[[ Data section open ]]

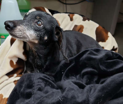 “Daisy” is a senior female dachshund with a short black and tan coat.
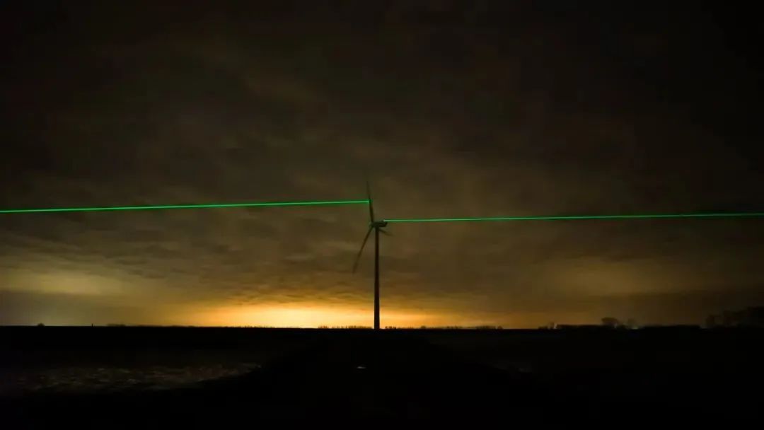 綠色激光束從一個風車的頂部以光速穿越1600英尺的距離發(fā)射到下一個風車的葉片,并追隨風車葉片同步旋轉,完美地實現(xiàn)了對高速運轉物體的精準定位!
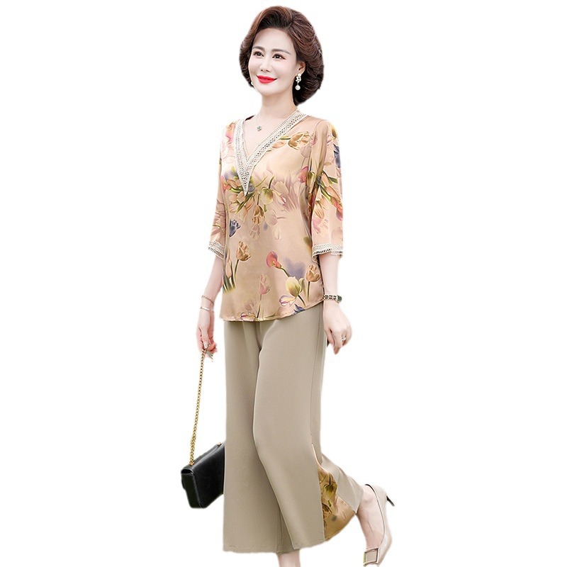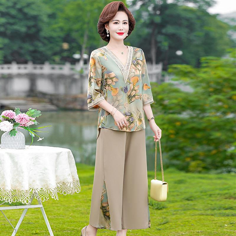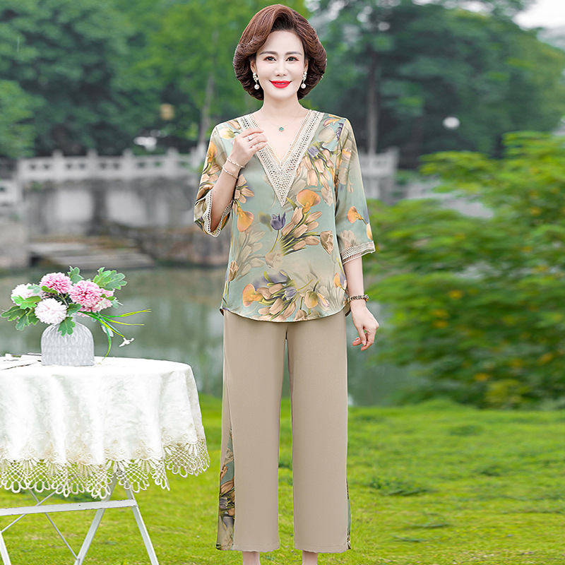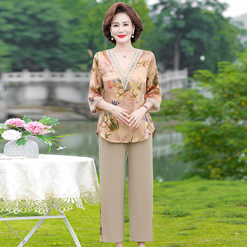 | nameOriginal | Middle-aged mother summer top foreign-style belly-covering elegant shirt suit new seven-sleeve middle-aged and elderly women's two-piece suit |
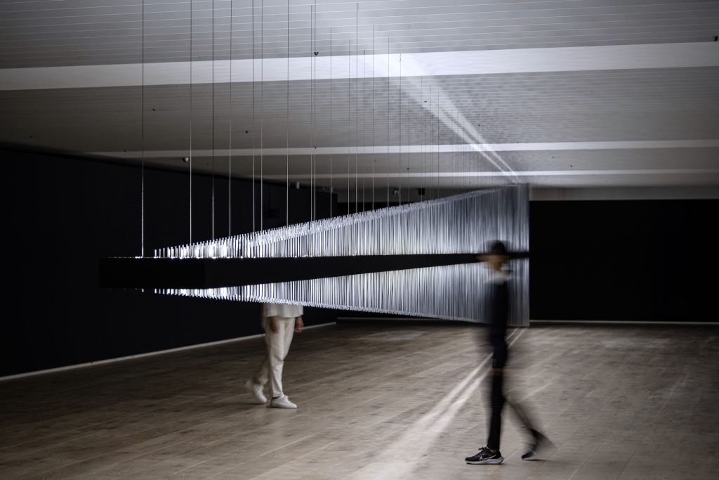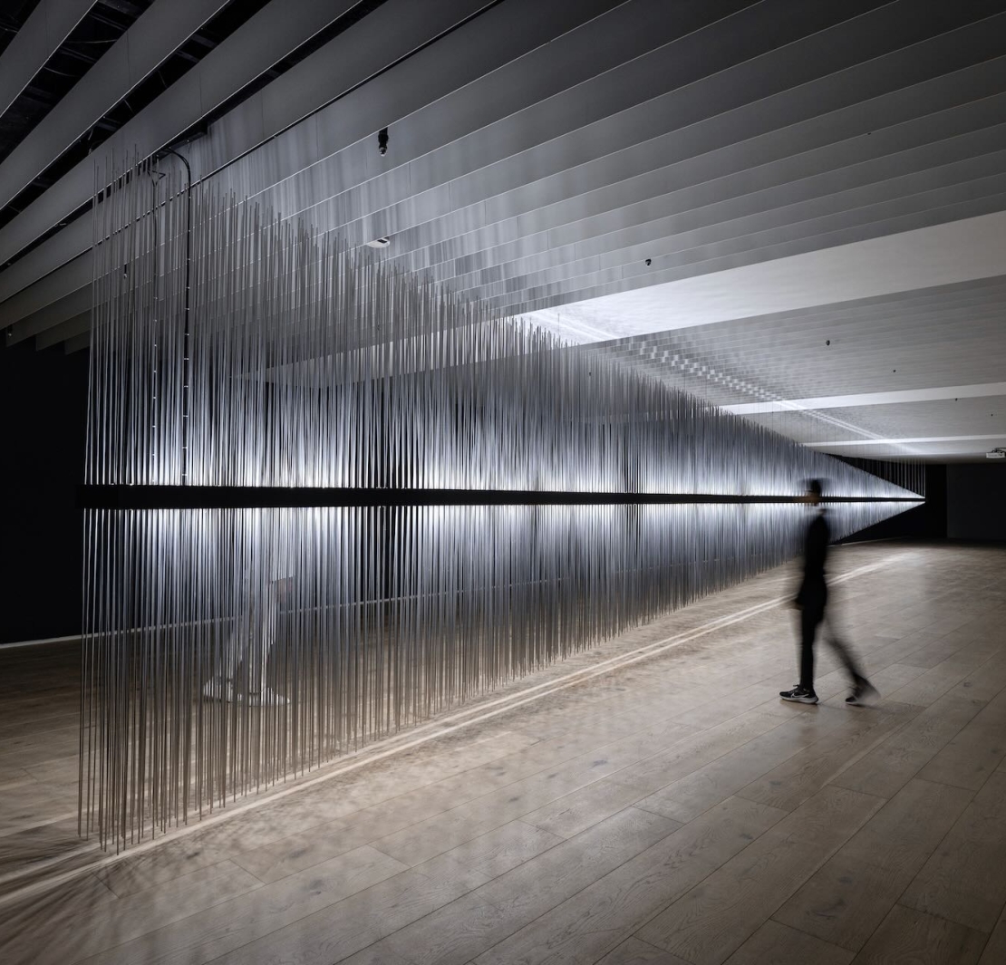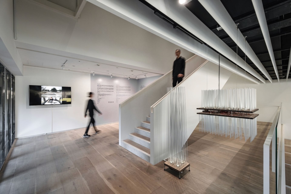 「光電獸」系列過往多在開放空間展出,聚焦於光源的流動。本展全新大型裝置《光電獸#41 – 混沌》於室內空間呈現,藉由與忠泰美術館空間的對話,量身打造獨特的感知體驗。在此環境中,聲響更具包覆感,作品以影子為核心,延續對光影與聲響流動關係的探索。作品透過鋁管長度的秩序變化與光影交錯閃爍,深化光與影的對話與敘事可能。

[[ Data section closed ]]

#### Problem requirements:
The result should be the listing above, restated exactly, with no pictures in it.

#### Answer box:
 “Daisy” is a senior female dachshund with a short black and tan coat.
 綠色激光束從一個風車的頂部以光速穿越1600英尺的距離發(fā)射到下一個風車的葉片,并追隨風車葉片同步旋轉,完美地實現(xiàn)了對高速運轉物體的精準定位!
 | nameOriginal | Middle-aged mother summer top foreign-style belly-covering elegant shirt suit new seven-sleeve middle-aged and elderly women's two-piece suit |
 「光電獸」系列過往多在開放空間展出,聚焦於光源的流動。本展全新大型裝置《光電獸#41 – 混沌》於室內空間呈現,藉由與忠泰美術館空間的對話,量身打造獨特的感知體驗。在此環境中,聲響更具包覆感,作品以影子為核心,延續對光影與聲響流動關係的探索。作品透過鋁管長度的秩序變化與光影交錯閃爍,深化光與影的對話與敘事可能。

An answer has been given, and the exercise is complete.